What is needed ->
Exactly the lines below from the one with "A Cotten silk" up to and including the one with "This insulated water" make up the answer, with nothing else added.

----- Source material -----

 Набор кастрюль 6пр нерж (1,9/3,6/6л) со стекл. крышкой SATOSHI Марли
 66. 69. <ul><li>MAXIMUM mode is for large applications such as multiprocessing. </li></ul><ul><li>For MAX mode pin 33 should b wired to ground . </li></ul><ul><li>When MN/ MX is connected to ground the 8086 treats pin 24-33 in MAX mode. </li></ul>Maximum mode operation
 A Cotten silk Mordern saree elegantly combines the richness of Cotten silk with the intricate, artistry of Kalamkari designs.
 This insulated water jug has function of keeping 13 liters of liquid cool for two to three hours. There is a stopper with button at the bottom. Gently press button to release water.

-----
----- Source material -----

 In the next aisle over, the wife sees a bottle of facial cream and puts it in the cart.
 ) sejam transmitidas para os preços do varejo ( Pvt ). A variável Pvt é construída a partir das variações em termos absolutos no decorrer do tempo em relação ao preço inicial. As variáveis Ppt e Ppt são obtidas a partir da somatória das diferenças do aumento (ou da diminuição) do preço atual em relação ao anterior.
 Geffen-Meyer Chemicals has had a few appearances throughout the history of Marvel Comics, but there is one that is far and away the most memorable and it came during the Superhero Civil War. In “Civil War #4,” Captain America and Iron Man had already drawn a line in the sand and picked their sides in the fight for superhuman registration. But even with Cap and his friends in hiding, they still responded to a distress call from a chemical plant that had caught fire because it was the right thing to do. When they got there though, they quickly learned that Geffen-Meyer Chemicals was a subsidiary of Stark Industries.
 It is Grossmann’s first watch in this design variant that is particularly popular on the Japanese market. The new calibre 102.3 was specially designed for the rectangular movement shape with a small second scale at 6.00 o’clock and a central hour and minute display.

-----

Exercise solution ->
 A Cotten silk Mordern saree elegantly combines the richness of Cotten silk with the intricate, artistry of Kalamkari designs.
 This insulated water jug has function of keeping 13 liters of liquid cool for two to three hours. There is a stopper with button at the bottom. Gently press button to release water.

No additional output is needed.